- **Exercise objective**:
Your copy of the lines below must match them exactly and contain no images.

- **Given material**:
****************************************
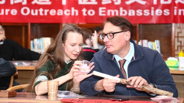 值得一提的是,郝思岚创新性地将书法“永字八法”与中医“阴阳调和”理念相融合,通过理论阐释与实践指导相结合的方式,让使节们在习字过程中领悟中医文化精髓。活动中,郝思岚还为每位嘉宾量身创作嵌名书法作品,以艺术为纽带搭建跨文化交流的桥梁。“这不仅是一门艺术,更是东方智慧的凝结。”德国中医专家马赛丽的感慨道出了现场嘉宾的共同心声。
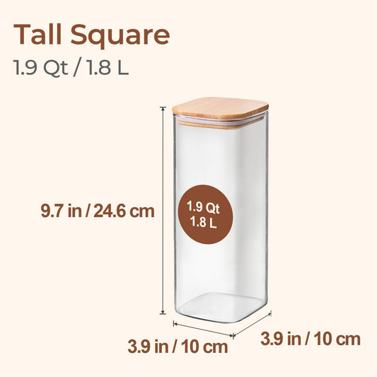 ComSaf 1.8 Qt Rectangle Glass Storage Containers with Lids, Glass Jars with Bamboo Lids, Clear Food Storage Jar, Sugar Coffee Containers, Pantry Storage Container for Pasta Rice Flour Oats Nuts Tea
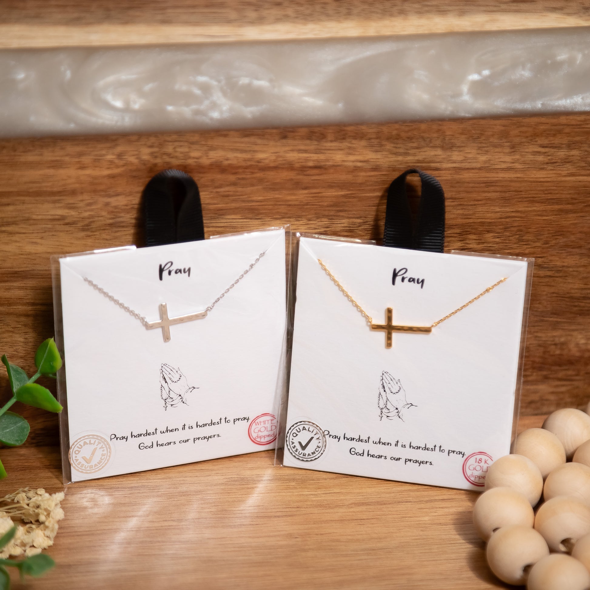 Faith in Prayer Sideways Cross Necklace – Gold or White Gold Dipped
****************************************
- **Task output**:
 值得一提的是,郝思岚创新性地将书法“永字八法”与中医“阴阳调和”理念相融合,通过理论阐释与实践指导相结合的方式,让使节们在习字过程中领悟中医文化精髓。活动中,郝思岚还为每位嘉宾量身创作嵌名书法作品,以艺术为纽带搭建跨文化交流的桥梁。“这不仅是一门艺术,更是东方智慧的凝结。”德国中医专家马赛丽的感慨道出了现场嘉宾的共同心声。
 ComSaf 1.8 Qt Rectangle Glass Storage Containers with Lids, Glass Jars with Bamboo Lids, Clear Food Storage Jar, Sugar Coffee Containers, Pantry Storage Container for Pasta Rice Flour Oats Nuts Tea
 Faith in Prayer Sideways Cross Necklace – Gold or White Gold Dipped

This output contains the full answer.